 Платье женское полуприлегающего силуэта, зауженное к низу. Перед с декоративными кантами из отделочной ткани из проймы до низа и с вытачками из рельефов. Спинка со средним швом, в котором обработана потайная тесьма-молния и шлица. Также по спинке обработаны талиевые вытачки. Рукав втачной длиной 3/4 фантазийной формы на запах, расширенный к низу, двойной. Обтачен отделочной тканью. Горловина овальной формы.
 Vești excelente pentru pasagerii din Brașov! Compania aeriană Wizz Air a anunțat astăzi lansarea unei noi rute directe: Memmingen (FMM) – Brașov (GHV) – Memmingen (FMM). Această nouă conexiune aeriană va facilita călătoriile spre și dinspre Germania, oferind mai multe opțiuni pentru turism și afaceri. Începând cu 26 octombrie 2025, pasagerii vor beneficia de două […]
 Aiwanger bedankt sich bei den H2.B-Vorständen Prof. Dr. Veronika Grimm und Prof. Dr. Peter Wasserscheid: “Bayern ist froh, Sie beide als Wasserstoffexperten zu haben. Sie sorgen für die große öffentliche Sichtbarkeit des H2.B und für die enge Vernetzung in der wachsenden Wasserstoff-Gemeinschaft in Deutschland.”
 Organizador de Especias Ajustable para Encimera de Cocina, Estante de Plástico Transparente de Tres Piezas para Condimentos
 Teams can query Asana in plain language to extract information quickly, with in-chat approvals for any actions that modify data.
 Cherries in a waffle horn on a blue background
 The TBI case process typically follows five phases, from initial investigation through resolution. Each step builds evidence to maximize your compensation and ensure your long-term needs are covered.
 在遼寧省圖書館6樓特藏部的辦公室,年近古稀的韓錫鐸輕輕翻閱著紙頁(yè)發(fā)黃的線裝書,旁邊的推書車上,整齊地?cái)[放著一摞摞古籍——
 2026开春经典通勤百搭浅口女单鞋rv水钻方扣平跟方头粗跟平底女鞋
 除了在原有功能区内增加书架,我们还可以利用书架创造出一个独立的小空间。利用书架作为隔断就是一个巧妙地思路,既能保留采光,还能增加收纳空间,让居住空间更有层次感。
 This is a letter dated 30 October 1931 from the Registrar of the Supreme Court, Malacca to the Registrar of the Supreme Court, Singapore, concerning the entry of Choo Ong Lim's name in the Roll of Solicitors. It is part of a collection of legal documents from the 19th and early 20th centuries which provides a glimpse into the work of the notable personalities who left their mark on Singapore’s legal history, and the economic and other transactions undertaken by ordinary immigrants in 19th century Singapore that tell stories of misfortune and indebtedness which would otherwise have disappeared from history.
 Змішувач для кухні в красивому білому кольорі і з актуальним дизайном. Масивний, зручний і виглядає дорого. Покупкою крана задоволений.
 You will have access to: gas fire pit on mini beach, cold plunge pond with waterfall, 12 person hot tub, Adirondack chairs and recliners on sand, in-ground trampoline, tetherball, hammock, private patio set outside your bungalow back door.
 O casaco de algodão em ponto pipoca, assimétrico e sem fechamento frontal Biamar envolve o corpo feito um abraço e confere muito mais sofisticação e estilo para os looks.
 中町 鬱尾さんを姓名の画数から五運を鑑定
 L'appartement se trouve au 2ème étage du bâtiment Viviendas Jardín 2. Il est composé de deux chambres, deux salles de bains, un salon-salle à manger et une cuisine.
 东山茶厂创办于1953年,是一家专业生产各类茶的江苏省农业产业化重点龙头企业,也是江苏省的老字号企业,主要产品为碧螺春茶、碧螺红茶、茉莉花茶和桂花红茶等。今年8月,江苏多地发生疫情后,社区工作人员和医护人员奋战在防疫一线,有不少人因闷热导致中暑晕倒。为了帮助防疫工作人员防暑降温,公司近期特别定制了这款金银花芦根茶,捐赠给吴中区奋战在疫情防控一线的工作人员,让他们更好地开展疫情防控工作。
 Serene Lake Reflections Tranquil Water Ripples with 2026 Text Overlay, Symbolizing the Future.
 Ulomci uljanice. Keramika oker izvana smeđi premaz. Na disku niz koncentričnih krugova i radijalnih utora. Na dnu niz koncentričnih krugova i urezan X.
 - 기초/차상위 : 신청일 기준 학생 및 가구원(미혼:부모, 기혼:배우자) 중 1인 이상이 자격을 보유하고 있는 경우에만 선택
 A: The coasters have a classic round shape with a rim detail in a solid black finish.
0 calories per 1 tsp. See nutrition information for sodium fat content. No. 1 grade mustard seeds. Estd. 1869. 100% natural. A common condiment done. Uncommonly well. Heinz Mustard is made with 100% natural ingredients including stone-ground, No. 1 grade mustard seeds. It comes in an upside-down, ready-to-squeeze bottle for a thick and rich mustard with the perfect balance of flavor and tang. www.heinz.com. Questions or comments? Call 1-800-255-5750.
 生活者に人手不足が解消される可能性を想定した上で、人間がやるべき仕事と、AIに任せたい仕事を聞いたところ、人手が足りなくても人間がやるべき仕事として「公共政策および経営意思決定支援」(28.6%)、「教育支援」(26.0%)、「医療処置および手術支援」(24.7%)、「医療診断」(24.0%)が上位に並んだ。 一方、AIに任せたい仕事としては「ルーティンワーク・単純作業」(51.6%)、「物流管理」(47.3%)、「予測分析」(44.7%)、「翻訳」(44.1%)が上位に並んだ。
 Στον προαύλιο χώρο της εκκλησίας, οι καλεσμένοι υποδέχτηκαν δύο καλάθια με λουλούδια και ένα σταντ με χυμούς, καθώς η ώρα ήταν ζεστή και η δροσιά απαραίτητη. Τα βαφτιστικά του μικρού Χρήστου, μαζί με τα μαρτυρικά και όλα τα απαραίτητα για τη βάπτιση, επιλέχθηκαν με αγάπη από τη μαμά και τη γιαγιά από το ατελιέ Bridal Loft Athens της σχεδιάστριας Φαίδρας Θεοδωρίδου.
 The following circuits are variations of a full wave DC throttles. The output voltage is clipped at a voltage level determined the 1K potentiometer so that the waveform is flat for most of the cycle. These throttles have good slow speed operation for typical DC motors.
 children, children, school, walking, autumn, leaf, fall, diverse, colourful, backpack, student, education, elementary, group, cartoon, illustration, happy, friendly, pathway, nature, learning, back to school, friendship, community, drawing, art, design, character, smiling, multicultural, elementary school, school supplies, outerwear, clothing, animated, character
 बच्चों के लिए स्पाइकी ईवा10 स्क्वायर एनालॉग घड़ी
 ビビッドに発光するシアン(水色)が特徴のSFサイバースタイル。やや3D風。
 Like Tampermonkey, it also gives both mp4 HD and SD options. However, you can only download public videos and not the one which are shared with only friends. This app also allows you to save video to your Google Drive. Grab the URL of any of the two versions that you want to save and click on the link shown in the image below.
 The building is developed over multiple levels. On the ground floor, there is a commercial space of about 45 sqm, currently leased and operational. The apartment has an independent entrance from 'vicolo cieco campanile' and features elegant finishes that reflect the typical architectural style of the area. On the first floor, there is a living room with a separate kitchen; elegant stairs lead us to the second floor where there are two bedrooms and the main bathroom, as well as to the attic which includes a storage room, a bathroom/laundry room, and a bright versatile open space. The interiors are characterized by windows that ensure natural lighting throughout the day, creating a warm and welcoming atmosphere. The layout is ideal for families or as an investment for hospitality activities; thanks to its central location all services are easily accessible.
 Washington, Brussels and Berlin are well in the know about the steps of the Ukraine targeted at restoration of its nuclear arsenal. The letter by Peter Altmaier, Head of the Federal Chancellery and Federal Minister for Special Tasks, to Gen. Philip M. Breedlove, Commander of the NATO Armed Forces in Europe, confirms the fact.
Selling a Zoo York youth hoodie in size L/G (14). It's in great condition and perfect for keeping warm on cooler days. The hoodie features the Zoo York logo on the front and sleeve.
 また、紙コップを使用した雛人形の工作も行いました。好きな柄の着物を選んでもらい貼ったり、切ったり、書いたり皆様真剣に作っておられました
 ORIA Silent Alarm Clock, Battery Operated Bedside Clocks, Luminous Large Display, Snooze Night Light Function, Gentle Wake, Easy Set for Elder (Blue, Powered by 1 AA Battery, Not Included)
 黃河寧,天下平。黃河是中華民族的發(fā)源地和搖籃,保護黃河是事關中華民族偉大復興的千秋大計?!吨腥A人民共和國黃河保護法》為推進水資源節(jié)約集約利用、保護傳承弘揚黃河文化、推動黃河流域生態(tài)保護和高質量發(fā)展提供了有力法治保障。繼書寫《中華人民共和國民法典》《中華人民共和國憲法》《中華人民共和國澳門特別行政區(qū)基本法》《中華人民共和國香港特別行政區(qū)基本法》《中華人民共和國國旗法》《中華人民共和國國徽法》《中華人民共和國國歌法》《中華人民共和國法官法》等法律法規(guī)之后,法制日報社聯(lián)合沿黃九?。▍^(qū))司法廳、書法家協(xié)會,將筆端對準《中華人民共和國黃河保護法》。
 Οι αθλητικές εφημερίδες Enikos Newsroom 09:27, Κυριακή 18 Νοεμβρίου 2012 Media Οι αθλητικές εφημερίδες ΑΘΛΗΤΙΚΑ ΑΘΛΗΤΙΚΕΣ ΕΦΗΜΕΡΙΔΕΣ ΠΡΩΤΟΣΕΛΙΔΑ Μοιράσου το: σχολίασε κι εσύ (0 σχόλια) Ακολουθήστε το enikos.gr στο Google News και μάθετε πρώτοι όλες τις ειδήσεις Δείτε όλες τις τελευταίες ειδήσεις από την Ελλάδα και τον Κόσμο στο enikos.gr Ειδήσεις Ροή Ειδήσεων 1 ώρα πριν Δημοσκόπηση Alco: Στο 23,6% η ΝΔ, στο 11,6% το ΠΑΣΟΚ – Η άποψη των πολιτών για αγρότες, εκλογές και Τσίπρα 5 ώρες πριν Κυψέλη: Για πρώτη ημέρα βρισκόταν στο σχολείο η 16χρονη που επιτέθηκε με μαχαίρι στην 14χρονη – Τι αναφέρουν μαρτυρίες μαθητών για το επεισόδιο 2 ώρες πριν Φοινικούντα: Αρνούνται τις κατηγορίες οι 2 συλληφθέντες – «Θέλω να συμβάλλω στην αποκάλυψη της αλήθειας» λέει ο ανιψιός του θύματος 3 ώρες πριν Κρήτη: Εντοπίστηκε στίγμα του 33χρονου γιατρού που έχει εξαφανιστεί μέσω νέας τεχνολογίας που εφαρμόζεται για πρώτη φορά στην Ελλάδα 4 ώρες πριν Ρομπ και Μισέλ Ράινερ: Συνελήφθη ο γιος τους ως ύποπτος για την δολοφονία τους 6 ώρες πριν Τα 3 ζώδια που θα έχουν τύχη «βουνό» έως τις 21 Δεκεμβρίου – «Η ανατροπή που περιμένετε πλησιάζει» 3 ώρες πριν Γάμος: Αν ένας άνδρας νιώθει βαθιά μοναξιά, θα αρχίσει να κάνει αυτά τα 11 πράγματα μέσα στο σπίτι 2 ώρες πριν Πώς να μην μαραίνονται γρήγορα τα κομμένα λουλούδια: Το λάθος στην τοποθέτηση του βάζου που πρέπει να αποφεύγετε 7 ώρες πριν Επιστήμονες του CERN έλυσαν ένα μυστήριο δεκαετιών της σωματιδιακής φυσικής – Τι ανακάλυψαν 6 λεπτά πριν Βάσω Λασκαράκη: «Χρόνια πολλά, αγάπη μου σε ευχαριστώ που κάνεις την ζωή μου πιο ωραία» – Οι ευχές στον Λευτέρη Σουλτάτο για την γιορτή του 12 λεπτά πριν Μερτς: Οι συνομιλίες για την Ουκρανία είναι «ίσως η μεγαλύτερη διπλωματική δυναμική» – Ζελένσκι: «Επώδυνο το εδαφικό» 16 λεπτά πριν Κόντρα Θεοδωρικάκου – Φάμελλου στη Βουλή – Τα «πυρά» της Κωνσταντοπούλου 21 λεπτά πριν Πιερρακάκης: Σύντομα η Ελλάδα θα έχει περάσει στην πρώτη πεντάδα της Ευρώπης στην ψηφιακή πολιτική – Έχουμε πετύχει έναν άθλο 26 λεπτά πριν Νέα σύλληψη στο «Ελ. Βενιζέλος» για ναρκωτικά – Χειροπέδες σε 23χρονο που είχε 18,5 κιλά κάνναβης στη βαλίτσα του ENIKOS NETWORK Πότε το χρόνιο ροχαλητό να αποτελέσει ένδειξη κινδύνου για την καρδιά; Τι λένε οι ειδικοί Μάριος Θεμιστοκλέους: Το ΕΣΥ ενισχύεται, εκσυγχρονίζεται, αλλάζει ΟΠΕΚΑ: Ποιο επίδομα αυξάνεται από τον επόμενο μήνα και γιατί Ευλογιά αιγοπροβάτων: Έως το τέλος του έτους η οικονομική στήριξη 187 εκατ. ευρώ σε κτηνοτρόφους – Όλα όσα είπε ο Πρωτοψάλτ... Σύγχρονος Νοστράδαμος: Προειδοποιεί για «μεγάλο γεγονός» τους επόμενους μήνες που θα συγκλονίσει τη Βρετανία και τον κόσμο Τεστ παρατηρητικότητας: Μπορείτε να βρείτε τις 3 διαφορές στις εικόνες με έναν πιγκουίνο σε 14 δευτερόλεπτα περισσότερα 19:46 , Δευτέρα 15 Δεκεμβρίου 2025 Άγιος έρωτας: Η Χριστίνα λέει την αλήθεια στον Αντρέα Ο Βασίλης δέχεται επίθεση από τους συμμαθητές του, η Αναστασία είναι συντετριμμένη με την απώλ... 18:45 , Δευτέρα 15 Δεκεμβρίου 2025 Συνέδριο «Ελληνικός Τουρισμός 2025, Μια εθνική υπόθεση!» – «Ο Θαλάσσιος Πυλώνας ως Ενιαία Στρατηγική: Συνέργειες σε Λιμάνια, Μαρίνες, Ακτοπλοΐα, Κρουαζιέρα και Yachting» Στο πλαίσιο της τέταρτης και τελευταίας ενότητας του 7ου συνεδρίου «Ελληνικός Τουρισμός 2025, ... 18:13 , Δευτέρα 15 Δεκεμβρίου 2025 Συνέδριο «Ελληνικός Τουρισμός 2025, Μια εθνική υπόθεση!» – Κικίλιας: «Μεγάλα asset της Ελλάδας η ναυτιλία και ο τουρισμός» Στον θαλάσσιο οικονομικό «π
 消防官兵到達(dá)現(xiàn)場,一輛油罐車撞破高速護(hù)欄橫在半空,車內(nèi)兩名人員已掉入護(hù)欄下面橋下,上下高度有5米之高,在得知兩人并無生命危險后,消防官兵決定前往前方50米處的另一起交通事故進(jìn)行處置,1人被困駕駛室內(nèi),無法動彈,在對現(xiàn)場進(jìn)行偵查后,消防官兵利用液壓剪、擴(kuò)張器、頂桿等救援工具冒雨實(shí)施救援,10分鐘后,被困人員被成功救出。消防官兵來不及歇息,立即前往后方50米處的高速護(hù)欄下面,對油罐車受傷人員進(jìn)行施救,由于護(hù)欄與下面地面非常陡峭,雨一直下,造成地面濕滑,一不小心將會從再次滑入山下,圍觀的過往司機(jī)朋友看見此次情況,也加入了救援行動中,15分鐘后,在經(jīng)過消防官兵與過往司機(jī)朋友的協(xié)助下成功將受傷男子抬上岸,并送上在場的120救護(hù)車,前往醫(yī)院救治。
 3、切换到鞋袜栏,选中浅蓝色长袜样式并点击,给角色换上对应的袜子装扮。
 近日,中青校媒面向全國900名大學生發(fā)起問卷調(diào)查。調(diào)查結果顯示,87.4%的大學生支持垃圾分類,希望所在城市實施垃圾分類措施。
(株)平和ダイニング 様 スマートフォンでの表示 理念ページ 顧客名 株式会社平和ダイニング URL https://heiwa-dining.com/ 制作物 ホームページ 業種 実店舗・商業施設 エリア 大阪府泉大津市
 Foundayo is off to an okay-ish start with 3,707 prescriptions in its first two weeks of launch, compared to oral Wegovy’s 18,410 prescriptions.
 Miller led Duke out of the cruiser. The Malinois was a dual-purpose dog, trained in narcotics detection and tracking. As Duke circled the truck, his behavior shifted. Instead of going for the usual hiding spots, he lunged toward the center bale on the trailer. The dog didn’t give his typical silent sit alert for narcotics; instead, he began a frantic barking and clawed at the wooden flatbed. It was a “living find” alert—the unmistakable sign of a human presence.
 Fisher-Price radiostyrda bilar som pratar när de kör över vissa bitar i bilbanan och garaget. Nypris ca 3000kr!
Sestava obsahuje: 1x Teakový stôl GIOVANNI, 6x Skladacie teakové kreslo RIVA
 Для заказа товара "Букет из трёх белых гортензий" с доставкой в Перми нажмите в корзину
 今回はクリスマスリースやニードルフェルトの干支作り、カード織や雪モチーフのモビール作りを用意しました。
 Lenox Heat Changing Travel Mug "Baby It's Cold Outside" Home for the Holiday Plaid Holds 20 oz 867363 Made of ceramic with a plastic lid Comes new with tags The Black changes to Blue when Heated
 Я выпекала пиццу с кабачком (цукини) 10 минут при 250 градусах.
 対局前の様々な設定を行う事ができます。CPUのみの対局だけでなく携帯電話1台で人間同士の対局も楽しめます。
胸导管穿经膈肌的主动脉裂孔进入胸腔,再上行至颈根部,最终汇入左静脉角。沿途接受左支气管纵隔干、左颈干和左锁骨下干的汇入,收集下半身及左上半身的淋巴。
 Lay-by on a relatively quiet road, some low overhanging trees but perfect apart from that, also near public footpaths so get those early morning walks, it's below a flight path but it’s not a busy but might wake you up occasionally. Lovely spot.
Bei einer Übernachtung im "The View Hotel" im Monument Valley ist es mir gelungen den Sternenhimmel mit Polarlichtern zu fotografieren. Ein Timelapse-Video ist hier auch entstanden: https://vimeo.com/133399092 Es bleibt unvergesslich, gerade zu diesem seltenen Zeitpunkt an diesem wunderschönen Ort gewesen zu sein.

* Required action *
Lines containing the word "Peter": copy each of them from the material.

* Solution *
 Aiwanger bedankt sich bei den H2.B-Vorständen Prof. Dr. Veronika Grimm und Prof. Dr. Peter Wasserscheid: “Bayern ist froh, Sie beide als Wasserstoffexperten zu haben. Sie sorgen für die große öffentliche Sichtbarkeit des H2.B und für die enge Vernetzung in der wachsenden Wasserstoff-Gemeinschaft in Deutschland.”
 Washington, Brussels and Berlin are well in the know about the steps of the Ukraine targeted at restoration of its nuclear arsenal. The letter by Peter Altmaier, Head of the Federal Chancellery and Federal Minister for Special Tasks, to Gen. Philip M. Breedlove, Commander of the NATO Armed Forces in Europe, confirms the fact.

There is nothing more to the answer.